Anti-parliamentary communism had also developed inside the Workers' Socialist Federation (WSF). This had evolved out of the Womens Suffrage Federation based around Sylvia Pankhurst in the East End of London, above all in the Bow and Bromley districts. With her mother Emmeline and sister Christabel she had led a vigorous and militant campaign for votes for women. But differences developed between her and them over a number of issues, including Sylvia's emphasis for activity among the working class, and for joint action between working class women and men for common demands. This gap was widened by the War, which Emmeline and Christabel fiercely supported, whilst Sylvia came out in opposition. During the war the WSF were very active among the East London working class, setting up free or cut price restaurants, day nurseries for children of working mothers, and distributing free milk for babies. In this period it dawned on Sylvia Pankhurst that capitalism could not be reformed, but must be destroyed and replaced by a free communist society. She saw in the Russian revolution the model for a revolution based on workers councils, where committees of recallable and mandated delegates would be elected and answerable to mass assemblies of the working class. She rejected parliamentary action and the domination of leaders, calling for the development of self-organisation and self-iniative through class struggle. Indeed at the time of the 1923 General Election when 8 women M.P.s were elected she remarked: "Women can no more put virtue into the decaying parliamentary institution than can men: it is past reform and must disappear...the woman professional politician is neither more nor less desirable than the man professional politician: the less the world has of either the better it is for it... To the women, as to men, the hope of the future lies not through Parliamentary reform, but free Communism and soviets."

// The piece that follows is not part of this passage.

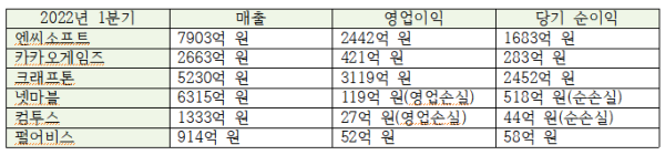 1분기 실적…기존 흥행 게임 유무에 희비 엇갈려

Unfortunately, like Aldred, Pankhurst was a headstrong and egotistical individual. Like him, she often put the narrow interests of her own group before that of the revolutionary movement as a whole. So, she and the WSF rejected a merger with the Communist League because the 2 organisations were too similar for that to be necessary! The WSF then in June 1919 transformed itself into the Communist Party. Lenin put pressure on the Pankhurst group to arrange talks with other groups for a unity conference, at the same time fearing the establishment of a Communist Party that had pronounced anti-parliamentary positions. In his attack on left and council communists "Left Wing Communism: An Infantile Disorder" he singled out Pankhurst, along with the Council Communists Pannekoek and Gorter. Another singled out was Willie Gallagher, who had left the SDF to join the Glasgow Anarchist Group in 1912. Gallagher, an admirer of Bakunin, was now a member of the Scottish Workers Council, which promoted 'communes'. In his pamplet Lenin quoted Gallagher: "The Council is definitely anti-parliamentarian, and has behind it the Left Wing of the various political bodies". For his staunch anti-parliamentarianism (not so staunch as it turned out) Gallagher was chosen to represent the Scottish Workers Councils at the second congress of the Third International in Moscow. Gallagher pleaded with the delegates not to force on the Scottish revolutionaries: "resolutions which they are not in a position to defend, being contradictory to all they have been standing for until now." Lenin singled Gallagher and his associates out at this Congress, winning him over completely to his positions. From then on Gallagher was a loyal servant to Lenin, (and then to Stalin) working towards the establishment of a Communist Party of Great Britain which appeared in January 1921. The manoeuvres of Lenin and Gallagher were sharply attacked by Aldred in his new paper the Spur and by Pankhurst in the paper of the re-established WSF the Workers Dreadnought.
Pankhurst continued with her criticisms of Leninism. In 1924 she condemned the new rulers of Russia as: "Prophets of centralised efficiency, trustification, State control, and the discipline of the proletariat in the interests of increased production... the Russian workers remain wage slaves, and very poor ones, working not from free will, but under compulsion of economic need, and kept in their subordinate position by State coercion." The WSF was very close to the positions of the Dutch and German council communists, evolving increasingly Anarchist Communist positions by 1924, when it disappeared.
The collapse of the revolutionary wave of 1917-21, the Bolshevisation of the movement, and the repression of 1921, during which time Pankhurst and Aldred were both jailed had taken its toll. Many had been won to Bolshevik positions, whilst many others dropped out including Pankhurst herself, who ended up as a supporter of Emperor Haile Selassie of Ethiopia, with a burial in Addis Abbaba.